Free Python Code and Instructions
for New Product Sales Forecasting
The free version and sample data are available for download as a ZIP file, and users can start using them right away. Although we explain everything step by step, we recommend that users have a basic understanding of Python and Jupyter Notebook. One of the main advantages of the End-to-End solution is that non-technical users do not need to follow a complex process manually, as everything is handled automatically.

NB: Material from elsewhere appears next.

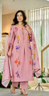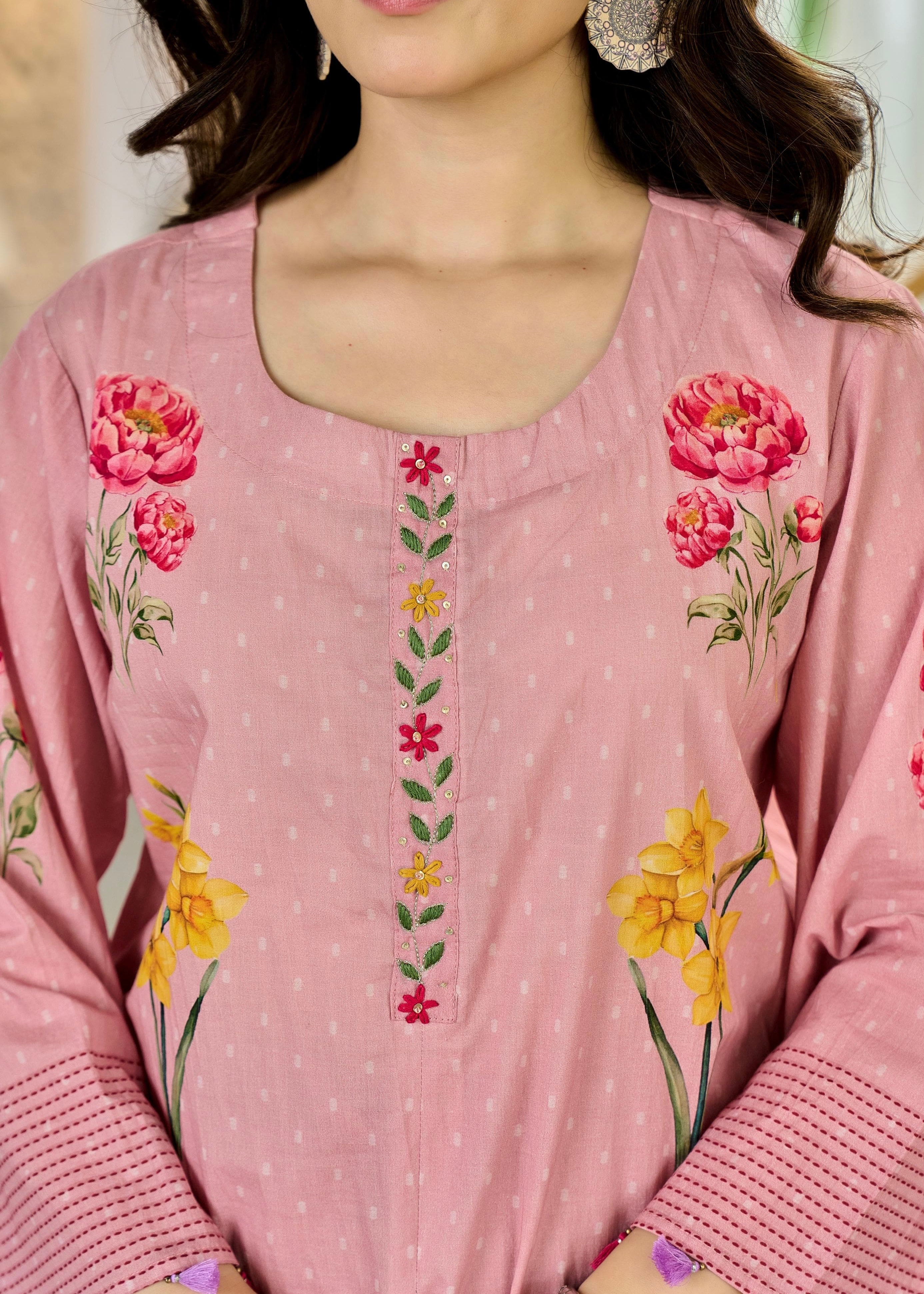 Premium cotton kurta pant dupatta set with handwork on the neck line and printed work all over the top with long printed cotton dupatta and a cotton bottom

1. Jupyter Notebook Setup: The easiest way to run the notebook is with Anaconda, as it installs Python, Jupyter Notebook, and common data analysis packages together.
Useful links:
- Download Anaconda:
https://www.anaconda.com/download
- Anaconda installation guide:
https://www.anaconda.com/docs/getting-started/anaconda/install
- Jupyter Notebook installation/help:
https://jupyter.org/install
If you already use Python, install the required packages by executing below command in bash:
pip install -r requirements.txt
2. How to Run Jupyter Notebook:
A. Click the button above to download and unzip `Forecasting_package.zip`.
B. Install Anaconda if Python/Jupyter Notebook is NOT already installed.
C. Open Anaconda Navigator.
D. Click 'Launch' under Jupyter Notebook.
E. In the Jupyter browser window, open the unzipped folder.
F. Open `Forecasting_CBC_Workbook.ipynb`.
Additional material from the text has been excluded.